Founded in 2021, My First Bitcoin began with a single class of four students. Over the next four years, it grew rapidly, teaching more than 27,000 students, creating the world’s first Bitcoin Diploma in public schools, hosting educators’ unconferences, and building a Node Network now spanning 50 projects in 27 countries.
Now, My First Bitcoin is shifting from local classrooms to a global movement. Founder John Dennehy says the focus is on empowering educators, not running programs directly.
“We want to help others succeed in their own communities and link them together,” Dennehy said in a note to Bitcoin Magazine.
The project is also embracing a fully remote structure, closing its office in El Salvador. Local meetups will now be run by independent collectives, using open-source blueprints developed by My First Bitcoin.
The organization will continue developing curricula, creating digital platforms, and fostering connections among educators worldwide.
“Our mission remains the same,” Dennehy adds. “Independent, impartial Bitcoin education gives people agency, encourages critical thought, and builds long-term freedom. Bitcoin is the tool, education is the pathway.”
The move represents a new phase for the initiative. By training teachers, sharing resources openly, and supporting community-led projects, My First Bitcoin aims to ignite a global movement. The team invites educators, organizers, and Bitcoin advocates to join the network and help expand access to knowledge everywhere.
My First Bitcoin background
Founded in August 2021 by John Dennehy, Mi Primer Bitcoin (My First Bitcoin) began as a small, community-led project in El Salvador with a mission to empower individuals through Bitcoin education. Dennehy, a soft-spoken and introspective thinker, saw education as a means to restore personal agency and sovereignty, especially in a world where people often feel powerless.
The idea took root during the COVID-19 pandemic, when Dennehy spent long walks in New York contemplating society’s challenges. Concluding that the solution lay in education, he initially traveled to Ecuador to teach friends about Bitcoin.

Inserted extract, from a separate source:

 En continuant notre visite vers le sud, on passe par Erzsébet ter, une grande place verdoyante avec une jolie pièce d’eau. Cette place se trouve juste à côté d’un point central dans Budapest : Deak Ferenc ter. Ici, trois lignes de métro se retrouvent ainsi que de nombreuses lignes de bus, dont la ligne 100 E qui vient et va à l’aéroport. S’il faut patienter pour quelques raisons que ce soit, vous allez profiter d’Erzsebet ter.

However, pandemic restrictions made in-person engagement difficult. Shortly afterward, Dennehy learned of El Salvador’s historic adoption of Bitcoin as legal tender and relocated there to support the country’s efforts.

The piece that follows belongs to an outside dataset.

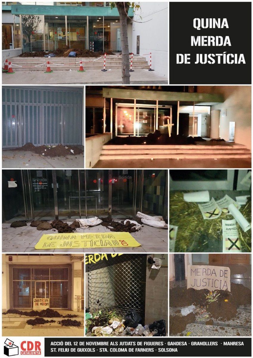 yesterday, dumping manure on the steps of various courts of 'justice' around Catalonia. #QuinaMerdaDeJusticia

Landing in El Salvador, Dennehy drafted the organization’s mission and lesson plans, recruiting both students and local teachers. He made community leadership a core principle, ensuring that all instructors were Salvadoran to better relate to students. The first class had just one attendee, held in a yoga studio, but the initiative grew steadily. By the end of the first month, five students were regularly participating.

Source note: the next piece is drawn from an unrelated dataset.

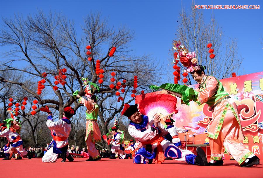 Artistas se apresentam durante uma feira de templo em Beijing, em 16 de fevereiro de 2018. As pessoas realizam várias atividades para celebrar o Ano Novo Lunar chinês em toda a China. (Xinhua/Luo Xiaoguang)

In 2022, Dennehy and his team formalized their curriculum into the “Bitcoin Diploma” program. The diploma includes ten lessons covering monetary systems, Bitcoin fundamentals, wallets, nodes, mining, security, the Lightning Network, and Bitcoin’s future. By the end of that year, 38 high school students in El Salvador had earned their diplomas.
The organization’s impact has since expanded globally. In 2023, Mi Primer Bitcoin launched the Independent Bitcoin Educators Node Network, now encompassing over 65 projects across 35 countries. These initiatives range from circular economies to local meetups, united by six core principles: independent, impartial, community-led, Bitcoin-only, high-quality education focused on empowerment rather than profit.
In May 2025, the nonprofit received a $1 million grant from Jack Dorsey’s Start Small to scale its global efforts, including enhancing the Bitcoin Diploma, intro courses, teacher workshops, and its Online School and Community Hub.
Despite the funding, Dennehy emphasized that the nonprofit will never accept government funding and carefully vets other sources to preserve independence.